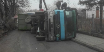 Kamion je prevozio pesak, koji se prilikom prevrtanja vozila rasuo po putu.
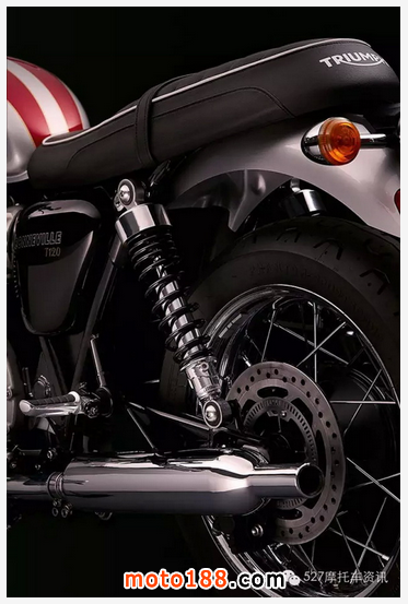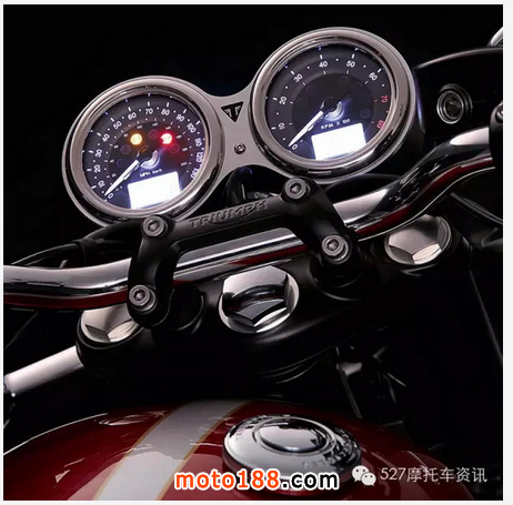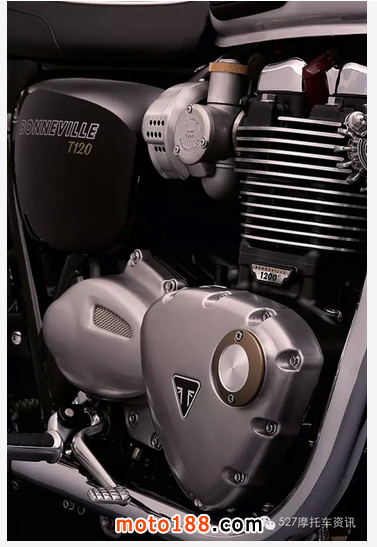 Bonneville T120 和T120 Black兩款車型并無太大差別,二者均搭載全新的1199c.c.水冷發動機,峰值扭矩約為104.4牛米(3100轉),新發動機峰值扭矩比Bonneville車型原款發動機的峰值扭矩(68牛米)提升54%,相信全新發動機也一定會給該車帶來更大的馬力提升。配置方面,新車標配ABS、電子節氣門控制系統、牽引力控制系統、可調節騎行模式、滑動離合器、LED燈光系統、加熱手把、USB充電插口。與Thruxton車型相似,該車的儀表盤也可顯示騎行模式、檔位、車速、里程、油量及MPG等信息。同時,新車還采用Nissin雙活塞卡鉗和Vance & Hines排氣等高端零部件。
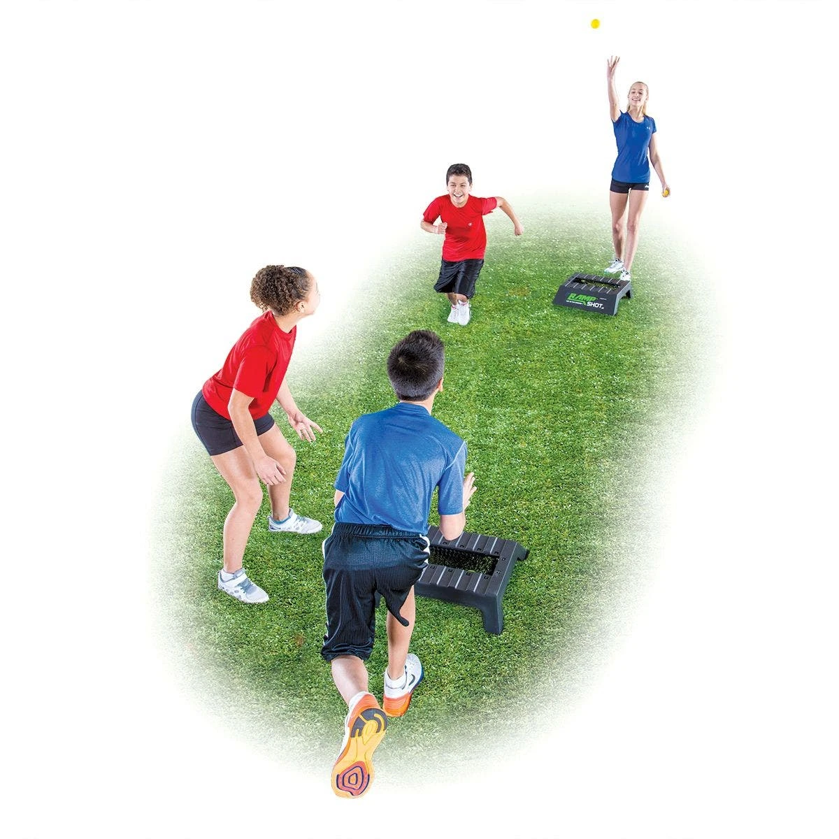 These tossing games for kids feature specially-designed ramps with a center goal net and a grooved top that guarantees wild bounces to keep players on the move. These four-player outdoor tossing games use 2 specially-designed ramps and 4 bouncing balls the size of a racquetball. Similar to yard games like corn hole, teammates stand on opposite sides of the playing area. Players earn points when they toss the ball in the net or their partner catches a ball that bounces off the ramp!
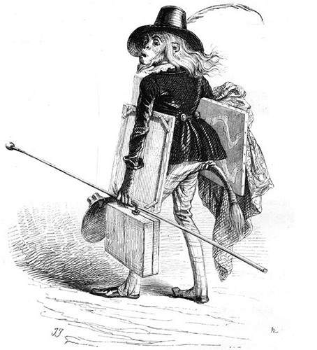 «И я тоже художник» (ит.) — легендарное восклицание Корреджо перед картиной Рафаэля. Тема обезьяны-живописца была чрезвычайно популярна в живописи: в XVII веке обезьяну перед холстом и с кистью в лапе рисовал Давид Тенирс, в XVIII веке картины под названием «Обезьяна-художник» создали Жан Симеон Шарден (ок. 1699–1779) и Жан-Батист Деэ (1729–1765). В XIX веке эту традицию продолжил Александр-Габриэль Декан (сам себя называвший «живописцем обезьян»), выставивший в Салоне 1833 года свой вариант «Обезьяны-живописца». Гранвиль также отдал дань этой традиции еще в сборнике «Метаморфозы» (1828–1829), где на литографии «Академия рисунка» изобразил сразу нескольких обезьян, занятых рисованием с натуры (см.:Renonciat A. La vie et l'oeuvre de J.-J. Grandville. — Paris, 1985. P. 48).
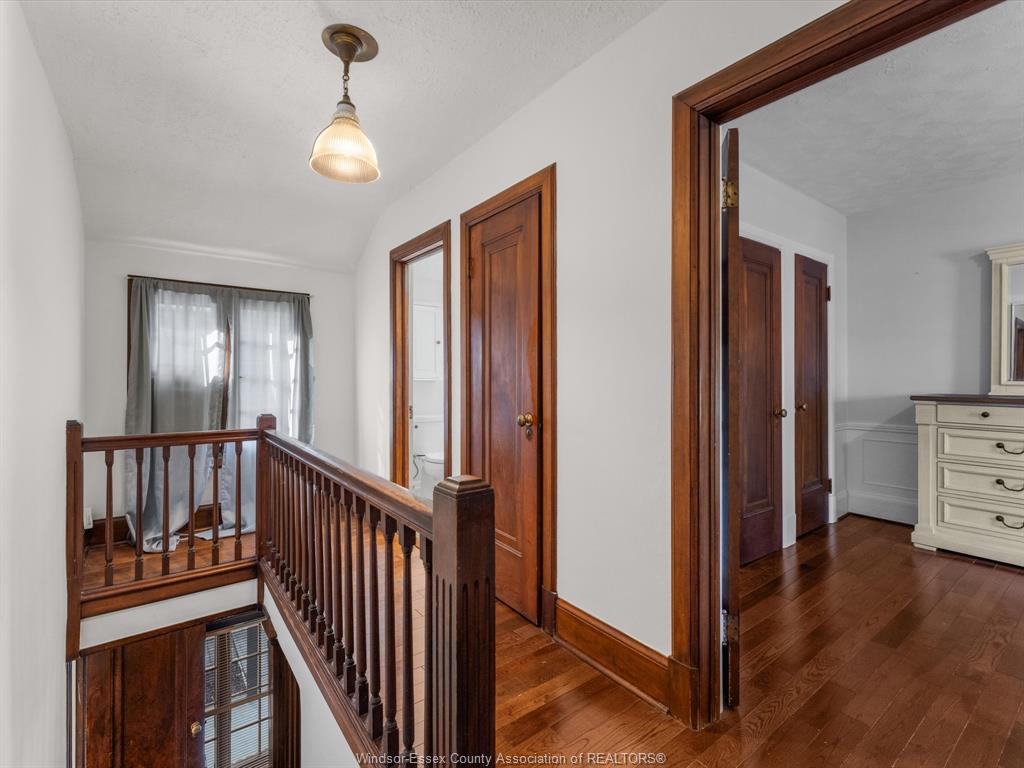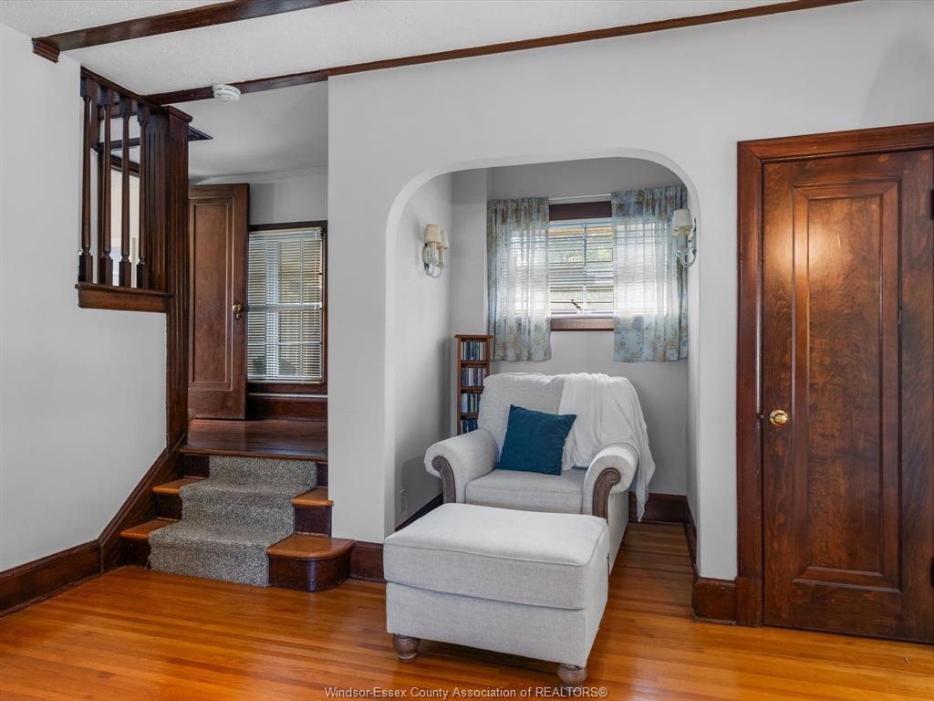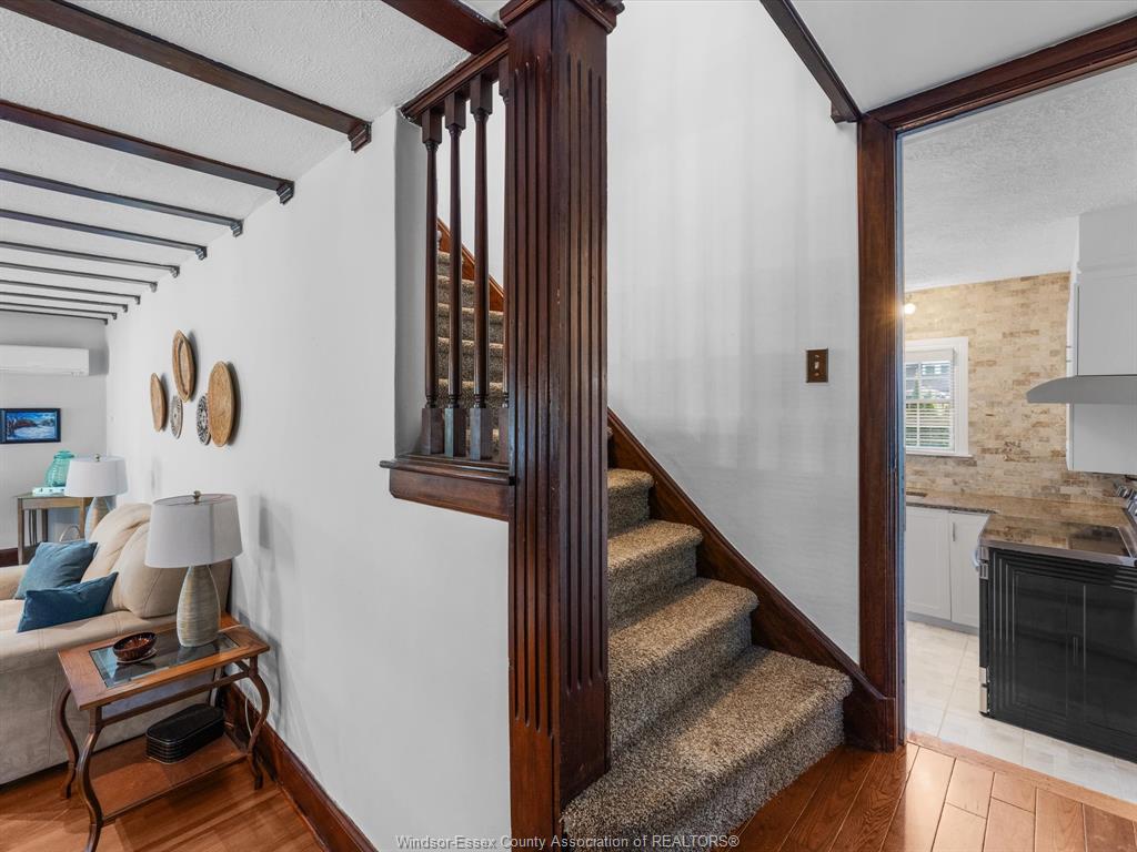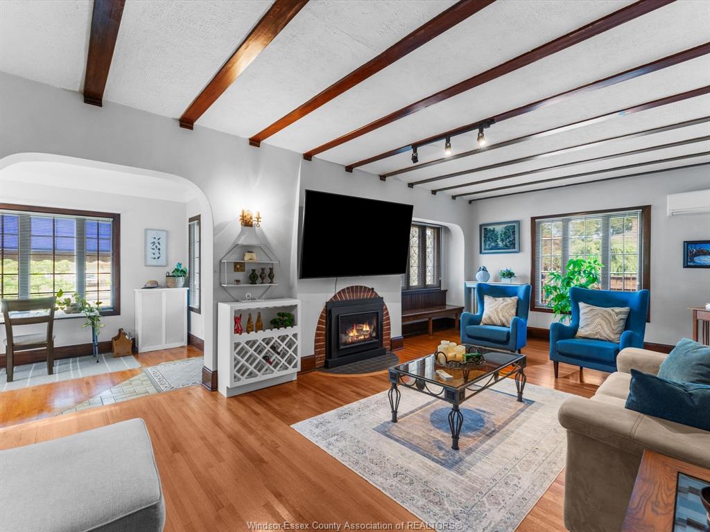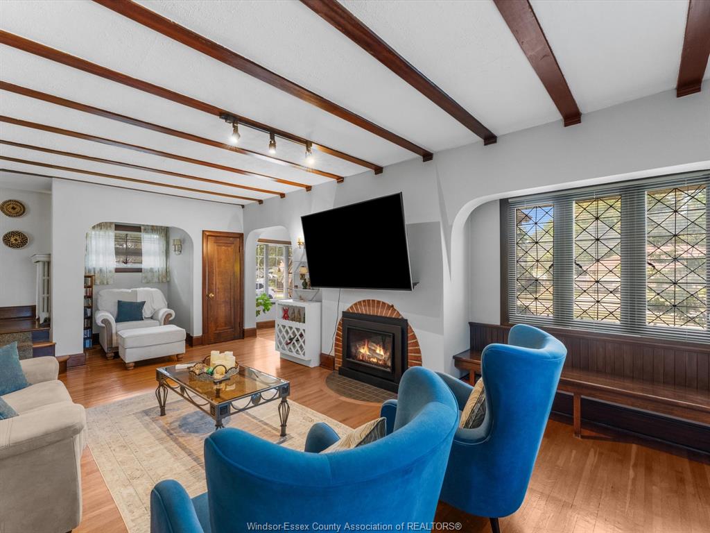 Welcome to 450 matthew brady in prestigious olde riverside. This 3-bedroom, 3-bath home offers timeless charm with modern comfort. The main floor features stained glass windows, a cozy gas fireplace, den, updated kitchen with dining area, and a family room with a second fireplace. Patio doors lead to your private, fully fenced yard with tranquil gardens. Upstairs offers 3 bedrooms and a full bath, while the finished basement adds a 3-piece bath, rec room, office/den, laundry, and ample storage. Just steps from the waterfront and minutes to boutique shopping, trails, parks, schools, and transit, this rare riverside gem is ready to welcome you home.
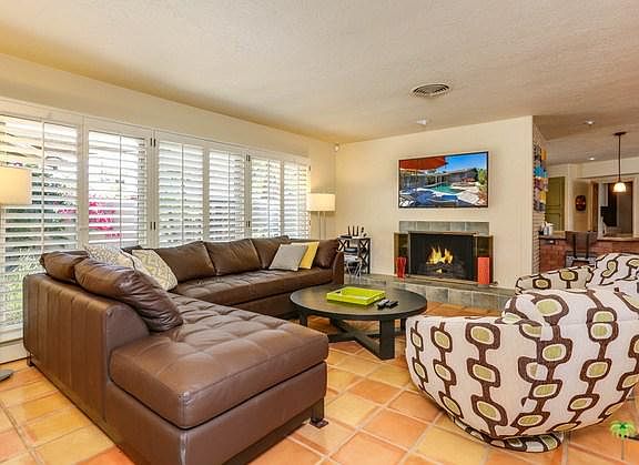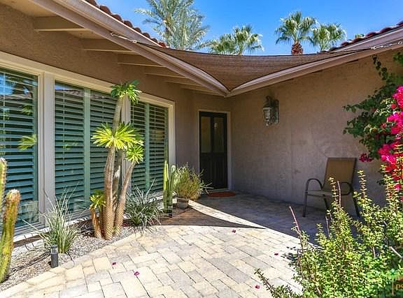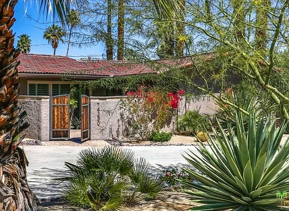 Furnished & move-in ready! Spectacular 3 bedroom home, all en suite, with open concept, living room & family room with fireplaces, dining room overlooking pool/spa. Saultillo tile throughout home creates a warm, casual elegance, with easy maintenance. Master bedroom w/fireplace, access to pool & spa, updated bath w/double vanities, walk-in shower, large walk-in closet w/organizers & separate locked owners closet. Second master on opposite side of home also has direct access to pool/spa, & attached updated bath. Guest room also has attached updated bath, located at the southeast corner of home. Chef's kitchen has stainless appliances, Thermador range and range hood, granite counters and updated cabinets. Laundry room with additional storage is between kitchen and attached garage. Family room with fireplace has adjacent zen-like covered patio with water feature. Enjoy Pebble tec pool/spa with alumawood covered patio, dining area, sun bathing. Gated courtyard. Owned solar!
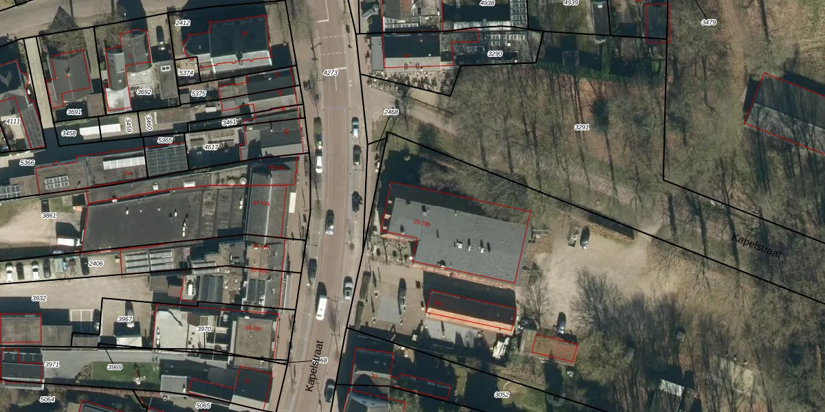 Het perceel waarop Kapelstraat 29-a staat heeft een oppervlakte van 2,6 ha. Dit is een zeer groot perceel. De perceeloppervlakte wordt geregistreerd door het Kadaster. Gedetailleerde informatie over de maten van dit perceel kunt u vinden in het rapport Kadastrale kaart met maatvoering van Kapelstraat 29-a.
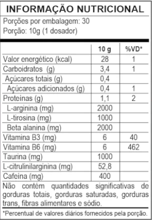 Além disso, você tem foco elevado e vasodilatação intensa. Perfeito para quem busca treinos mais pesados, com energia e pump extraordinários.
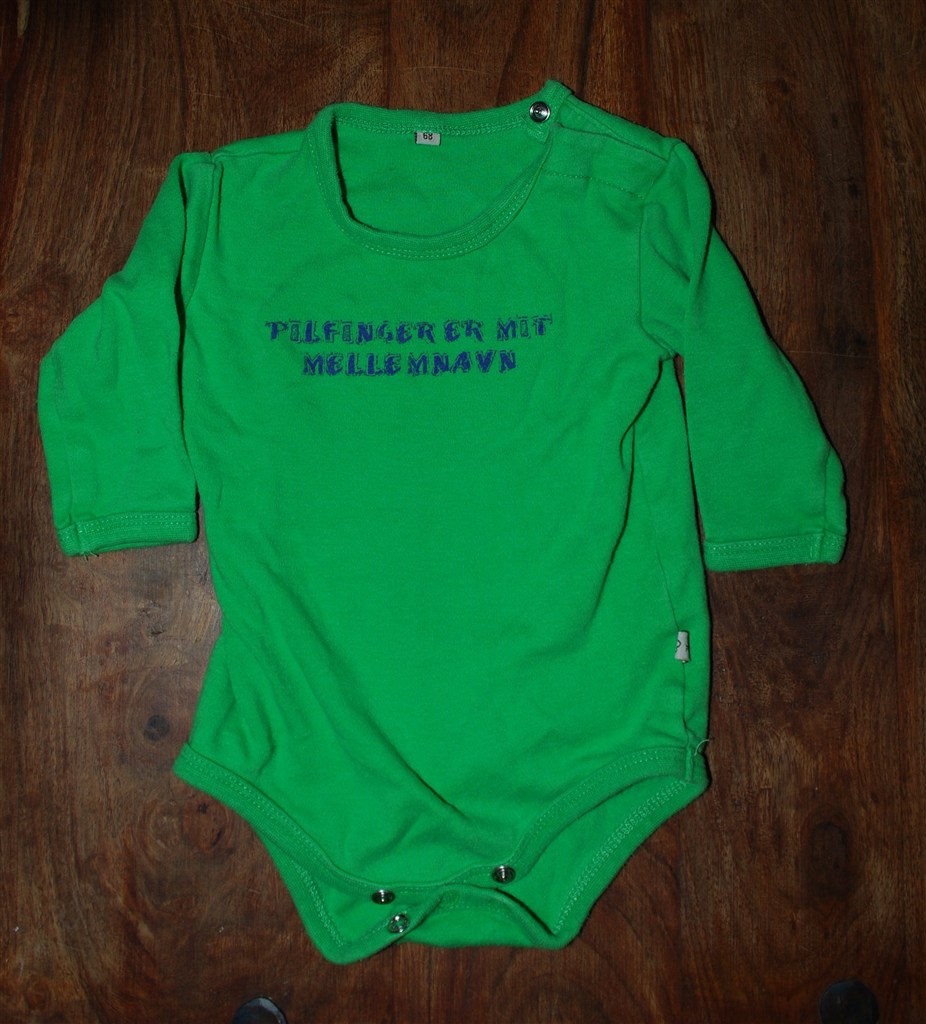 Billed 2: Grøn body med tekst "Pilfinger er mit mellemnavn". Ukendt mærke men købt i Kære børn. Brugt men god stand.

==========

Every entry above should come back exactly as written, except for its pictures.

*The answer*:
 Kamion je prevozio pesak, koji se prilikom prevrtanja vozila rasuo po putu.
 Bonneville T120 和T120 Black兩款車型并無太大差別,二者均搭載全新的1199c.c.水冷發動機,峰值扭矩約為104.4牛米(3100轉),新發動機峰值扭矩比Bonneville車型原款發動機的峰值扭矩(68牛米)提升54%,相信全新發動機也一定會給該車帶來更大的馬力提升。配置方面,新車標配ABS、電子節氣門控制系統、牽引力控制系統、可調節騎行模式、滑動離合器、LED燈光系統、加熱手把、USB充電插口。與Thruxton車型相似,該車的儀表盤也可顯示騎行模式、檔位、車速、里程、油量及MPG等信息。同時,新車還采用Nissin雙活塞卡鉗和Vance & Hines排氣等高端零部件。
 These tossing games for kids feature specially-designed ramps with a center goal net and a grooved top that guarantees wild bounces to keep players on the move. These four-player outdoor tossing games use 2 specially-designed ramps and 4 bouncing balls the size of a racquetball. Similar to yard games like corn hole, teammates stand on opposite sides of the playing area. Players earn points when they toss the ball in the net or their partner catches a ball that bounces off the ramp!
 «И я тоже художник» (ит.) — легендарное восклицание Корреджо перед картиной Рафаэля. Тема обезьяны-живописца была чрезвычайно популярна в живописи: в XVII веке обезьяну перед холстом и с кистью в лапе рисовал Давид Тенирс, в XVIII веке картины под названием «Обезьяна-художник» создали Жан Симеон Шарден (ок. 1699–1779) и Жан-Батист Деэ (1729–1765). В XIX веке эту традицию продолжил Александр-Габриэль Декан (сам себя называвший «живописцем обезьян»), выставивший в Салоне 1833 года свой вариант «Обезьяны-живописца». Гранвиль также отдал дань этой традиции еще в сборнике «Метаморфозы» (1828–1829), где на литографии «Академия рисунка» изобразил сразу нескольких обезьян, занятых рисованием с натуры (см.:Renonciat A. La vie et l'oeuvre de J.-J. Grandville. — Paris, 1985. P. 48).
 Welcome to 450 matthew brady in prestigious olde riverside. This 3-bedroom, 3-bath home offers timeless charm with modern comfort. The main floor features stained glass windows, a cozy gas fireplace, den, updated kitchen with dining area, and a family room with a second fireplace. Patio doors lead to your private, fully fenced yard with tranquil gardens. Upstairs offers 3 bedrooms and a full bath, while the finished basement adds a 3-piece bath, rec room, office/den, laundry, and ample storage. Just steps from the waterfront and minutes to boutique shopping, trails, parks, schools, and transit, this rare riverside gem is ready to welcome you home.
 Furnished & move-in ready! Spectacular 3 bedroom home, all en suite, with open concept, living room & family room with fireplaces, dining room overlooking pool/spa. Saultillo tile throughout home creates a warm, casual elegance, with easy maintenance. Master bedroom w/fireplace, access to pool & spa, updated bath w/double vanities, walk-in shower, large walk-in closet w/organizers & separate locked owners closet. Second master on opposite side of home also has direct access to pool/spa, & attached updated bath. Guest room also has attached updated bath, located at the southeast corner of home. Chef's kitchen has stainless appliances, Thermador range and range hood, granite counters and updated cabinets. Laundry room with additional storage is between kitchen and attached garage. Family room with fireplace has adjacent zen-like covered patio with water feature. Enjoy Pebble tec pool/spa with alumawood covered patio, dining area, sun bathing. Gated courtyard. Owned solar!
 Het perceel waarop Kapelstraat 29-a staat heeft een oppervlakte van 2,6 ha. Dit is een zeer groot perceel. De perceeloppervlakte wordt geregistreerd door het Kadaster. Gedetailleerde informatie over de maten van dit perceel kunt u vinden in het rapport Kadastrale kaart met maatvoering van Kapelstraat 29-a.
 Além disso, você tem foco elevado e vasodilatação intensa. Perfeito para quem busca treinos mais pesados, com energia e pump extraordinários.
 Billed 2: Grøn body med tekst "Pilfinger er mit mellemnavn". Ukendt mærke men købt i Kære børn. Brugt men god stand.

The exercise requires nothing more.